The second day of the seminar focused on improving doctoral writing and identifying meaningful research gaps. Dr. Appiah emphasised the importance of publishing, noting that doctoral candidates must contribute to scholarly discourse to remain active in the research community. He encouraged participants to consistently engage with high-quality academic sources and stressed that novelty in research must be accompanied by clear justification of its relevance. According to him, a research gap is not simply an area with few studies but rather an unresolved issue, weakness, limitation, inconsistency, or omission that has theoretical, empirical, methodological, or practical significance. He stressed that a meaningful research gap must be important and credible, not merely an empty space in the literature.
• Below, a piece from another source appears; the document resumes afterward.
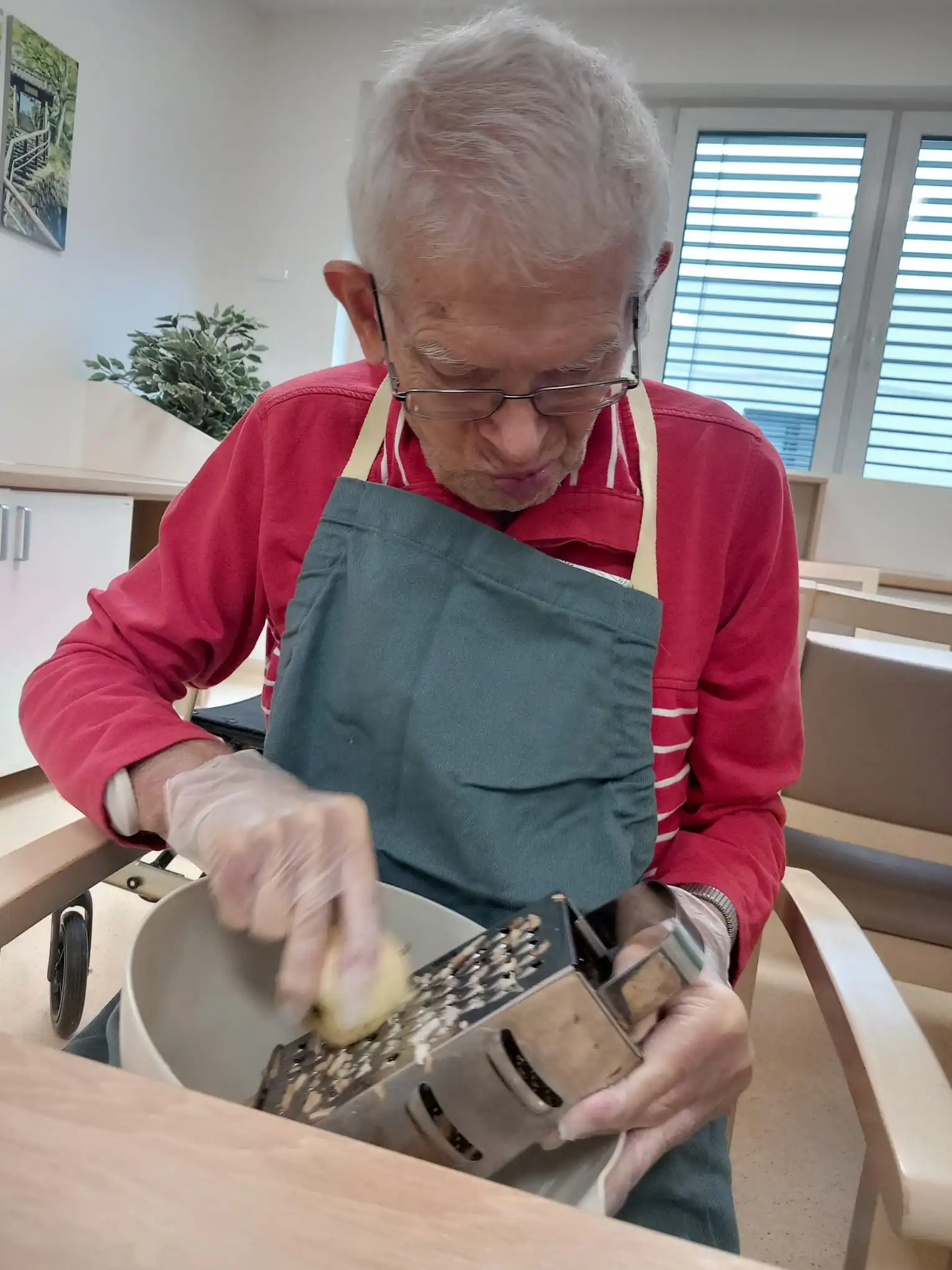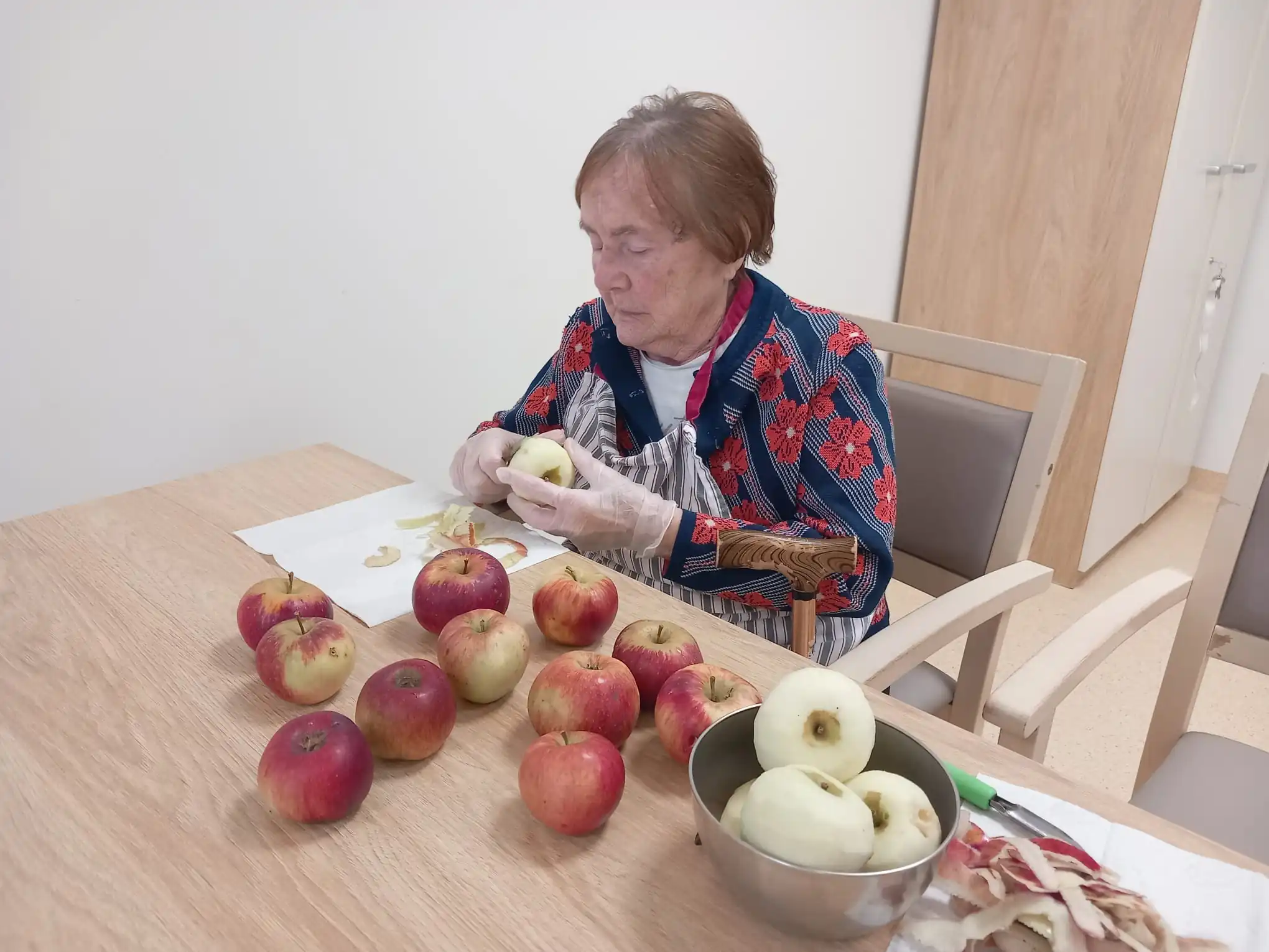 Nastal čas sběru některých odrůd jablek a tak jedna z našich aktivizačních pracovnic pár kousků doma ze zahrady zachránila před cestou do pálenice a donesla je k nám do ALZHEIMER HOME Ostrava, kde společnými silami s klienty upekli záviny a další dobroty. A pozor, tentokrát se činili hlavně pánové ! Kalvádos je sice fajn, ale u nás frčí sladkosti a vždycky se po nich jen zapráší. 😁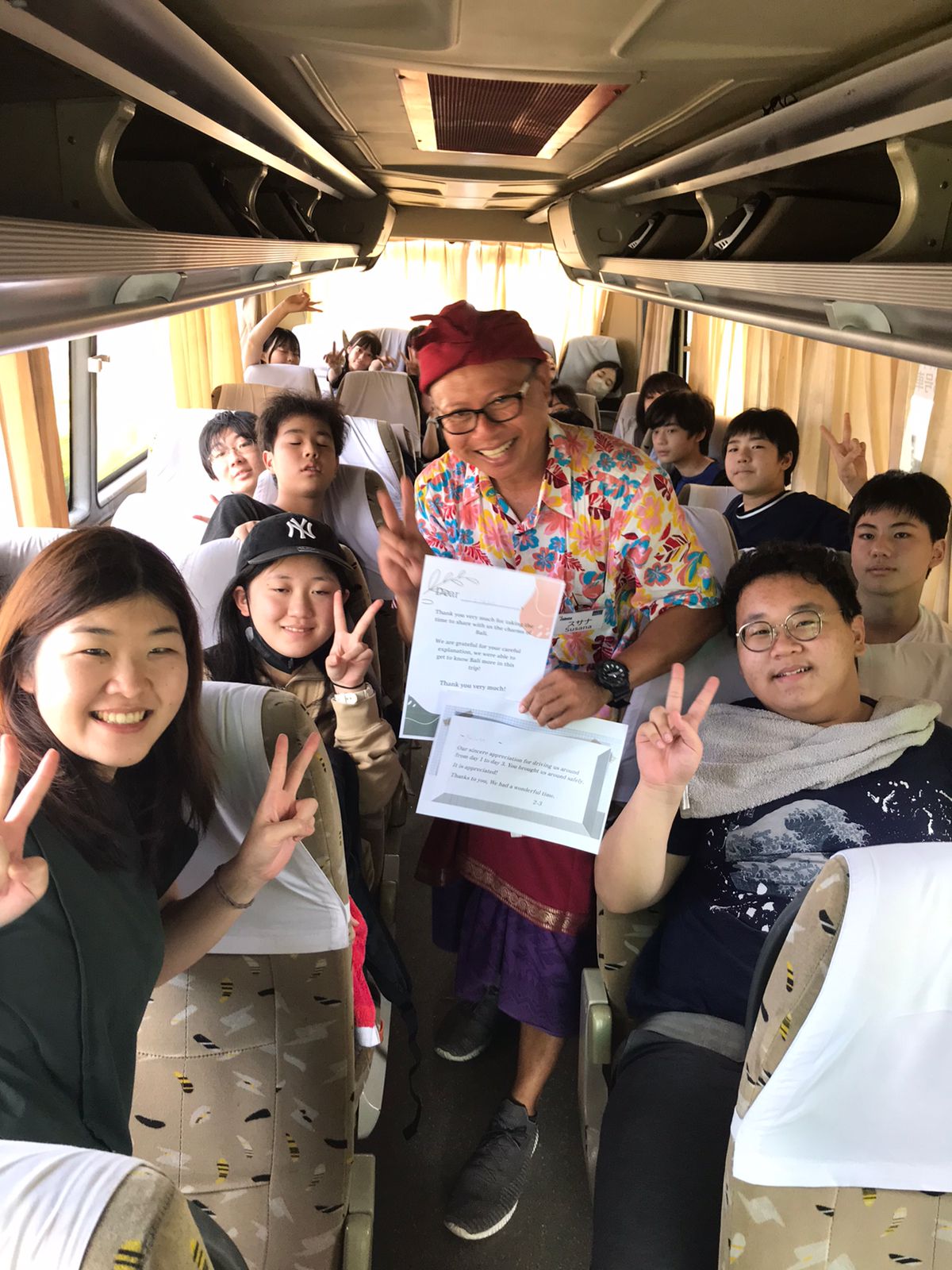 Para peserta Tur naik Bis. Alat Gadget dengan Earphone bisa digunakan di dalam bis sehingga peserta tur wisata / pabrik sudah disiapkan materi untuk tur di dalam bis

He ALSO highlighted weak gap claims and explained that it often fails to demonstrate why the absence matters, do not clearly show contribution, and do not connect to theory, evidence, or methodology. He emphasised that doctoral research must justify significance, not just novelty. 

To help participants identify meaningful gaps, he presented a five-step approach: mapping major themes in the literature, identifying what is well established, locating recurring limitations and omissions, determining the most important unresolved issue, and demonstrating how the study addresses that issue. He advised that research gaps should emerge from synthesising multiple studies rather than relying solely on suggestions for future research from individual papers. He further explained how literature reviews should logically lead to the research problem, study objective, research question, theoretical lens, and methodological choice. He emphasised that literature synthesis should guide the progression from identifying unresolved issues to formulating a clear research problem and objectives. To illustrate practical application, Dr. Appiah used examples from his recent research paper titled “ESG Buffer: How Environmental, Social, and Governance Readiness Moderates the Impact of Climate Vulnerability on Financial Development in BRICS Economies,” to demonstrate how research gaps can be identified and translated into research questions and hypotheses.